CE9 juillet 1997CE, Section, 9 juillet 1997, Chambre syndicale Syntec Conseil, n° 148975, Rec., point 4(source)
Résultats d'un sondage portant sur l'image d'une personnalité – Absence d'informations nominatives concernant cette personnalité – Exclusion
Les résultats d'un sondage comportant des questions qui demandent aux personnes interrogées ce qu'elles pensent d'une personnalité ne constituent pas des informations nominatives concernant cette personnalité.
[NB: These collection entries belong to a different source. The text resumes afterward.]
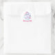 Stickers to a magical birthday party with an adorable unicorn with wings in the clouds on a rainbow background.
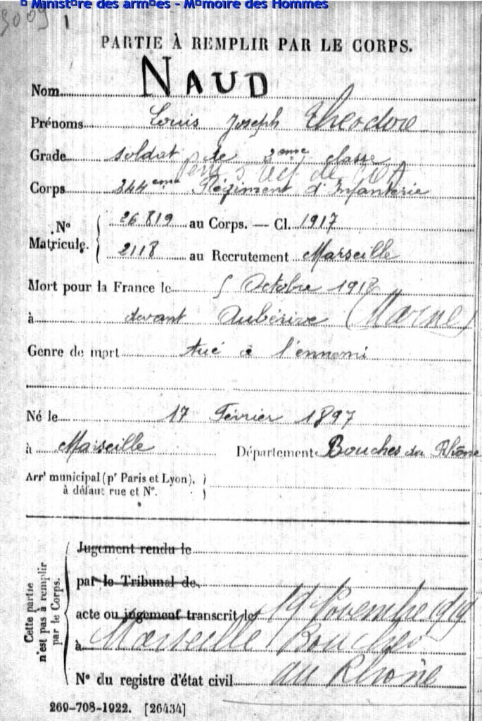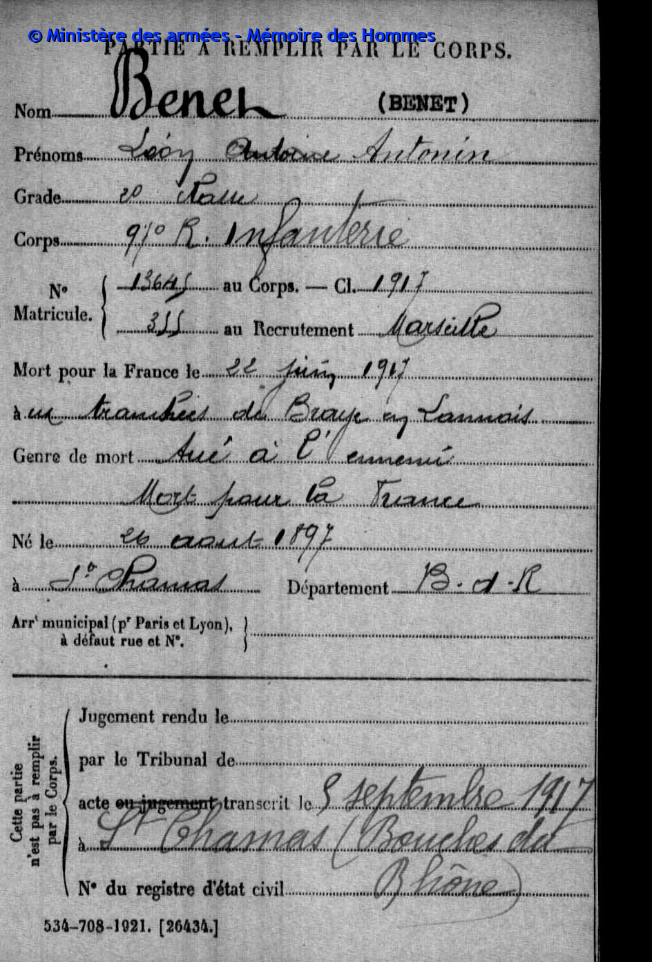 Soldat de 2e classe au 97e régiment d’infanterie, matricule n°355 au recrutement de Marseille, classe 1917.
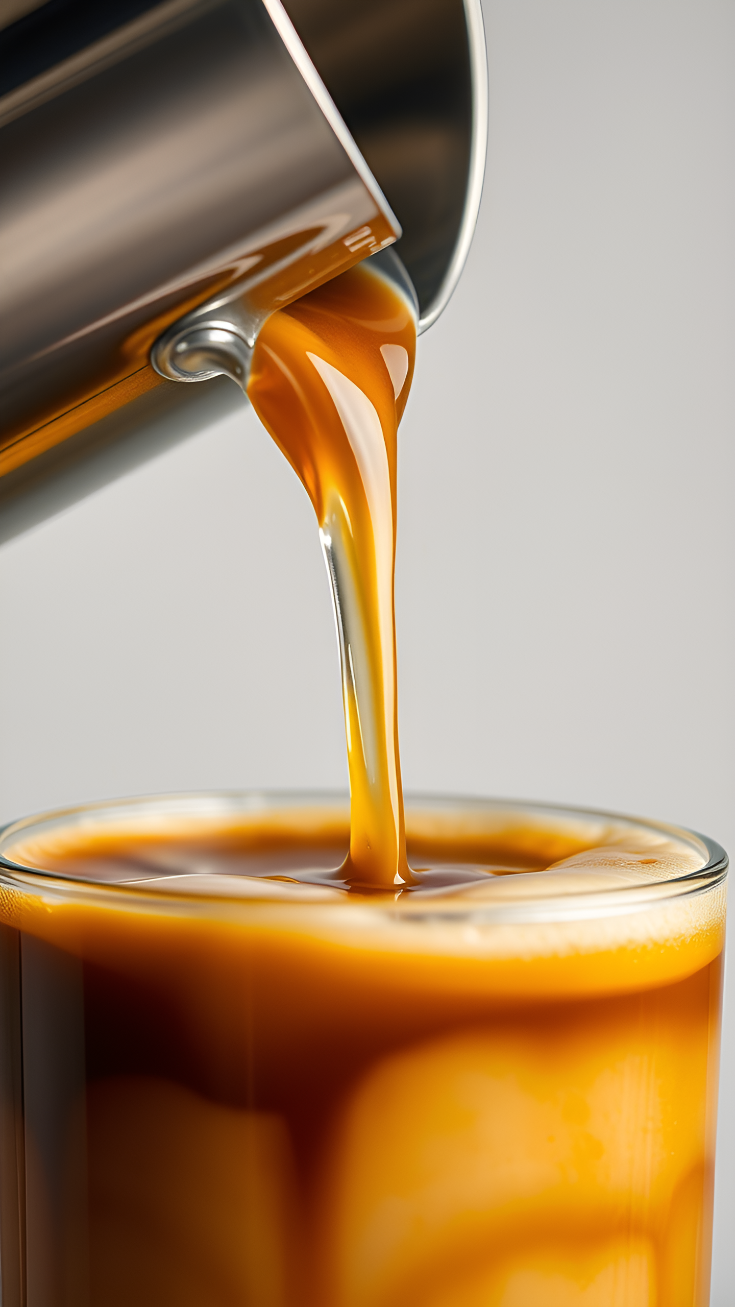 Indulge in the rich, creamy texture of this close-up wallpaper showcasing a perfectly poured coffee drink. The smooth caramel hues blend beautifully as the liquid cascades into the glass, creating an inviting and warm atmosphere. Ideal for coffee lovers and those who appreciate the art of beverage photography.
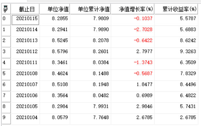 | 返回 | Array | 数组类型,返回指定基金在指定区间的净值数据。 |
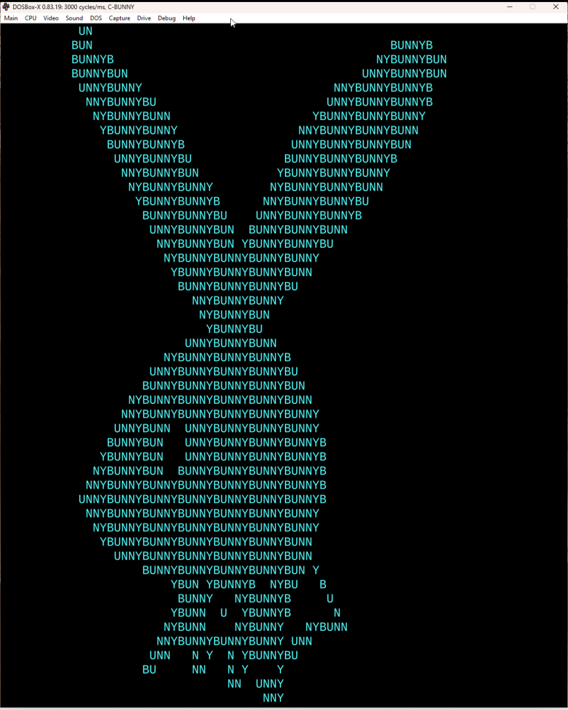 C-BUNNY is a port of the program called BUNNY in the book BASIC COMPUTER GAMES by David H. Ahl. I decided to make my own version of it in Microsoft QuickC. You’ll need an old computer equipped with MS-DOS or an emulator like DOSBox to run it. Source code is included.
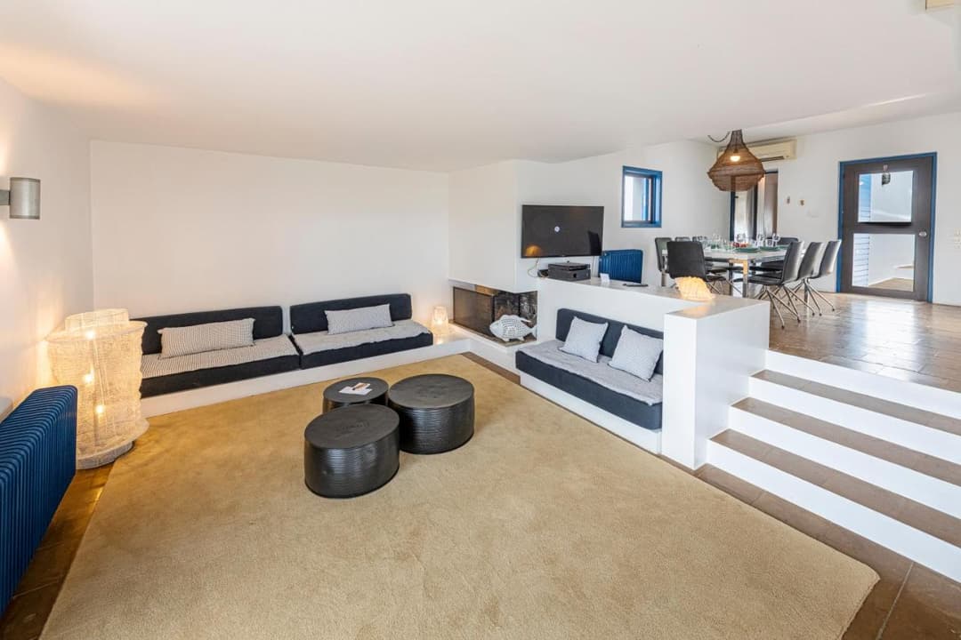 - Living room with panoramic windows facing the sea, with sofa, Satellite TV, DVD player with Dolby surrounding system
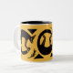 Desenhos em tinta de plantas e raposas geométricas antigas na caneca. Inspirado pelo estilo da cerâmica antiga. Arte rock.
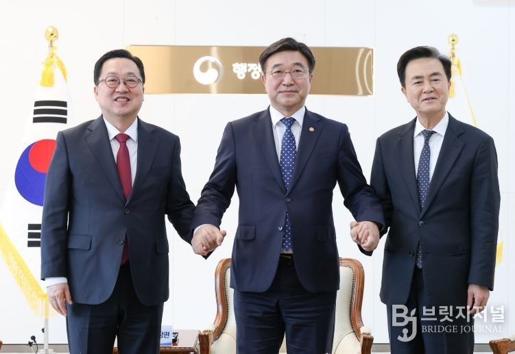 브릿지저널 정보영 기자 | 이장우 대전시장은 6일 오후 4시 정부세종청사에서 윤호중 행안부 장관, 김태흠 충남지사와 간담회를 갖고, 대전․충남 행정통합 특별법의 원안 관철을 정부에 촉구하며 관련 건의문을 공식 전달했다.
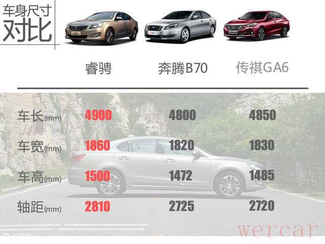 长安睿骋智享版作为2016款长安睿骋的顶配版本车型,其车身尺寸相比现款睿骋并未发生任何改变。车身的长、宽、高依然分别为4900mm/1860mm/1500mm,轴距2810mm;不过这一尺寸在同级别的竞品车型面前丝毫不落下风,基本上依旧能够完胜竞争对手,也算是长安睿骋继续坐拥中国品牌中级车元老位置的底气所在。

Celle-ci ne saurait, par suite, être titulaire d’un droit d'accès organisé par l'article 34 de la loi du 6 janvier 1978, ni des droits de communication, de rectification et d'effacement qui en découlent.
CNIL15 juin 2023CNIL, FR, 15 juin 2023, Sanction, Société X, n° SAN-2023-009, publié, points 32-33, 39-41(source)
Combinaison de traces laissées par un témoin de connexion ou une adresse IP à des identifiants uniques ou à d'autres informations – Caractère identifiant ou non d'une donnée – Nécessaire prise en considération de l'ensemble des moyens susceptibles d'être raisonnablement mis en œuvre, soit par le responsable du traitement, soit par une autre personne, pour identifier ladite personne – Espèce
Le considérant 30 du RGPD, qui s'inscrit dans une jurisprudence bien établie de la Cour de justice de l'Union européenne (CJUE, 24 nov. 2011, Scarlet Extended SAC 70/10, pt. 51 et 19 oct. 2016, Breyer, C - 582/14) prévoit qu'un identifiant en ligne associé à une personne physique, tel qu'une adresse IP ou un témoin de connexion, peut « laisser des traces qui, notamment lorsqu'elles sont combinées aux identifiants uniques et à d'autres informations reçues par les serveurs, peuvent servir à créer des profils de personnes physiques et à identifier ces personnes ».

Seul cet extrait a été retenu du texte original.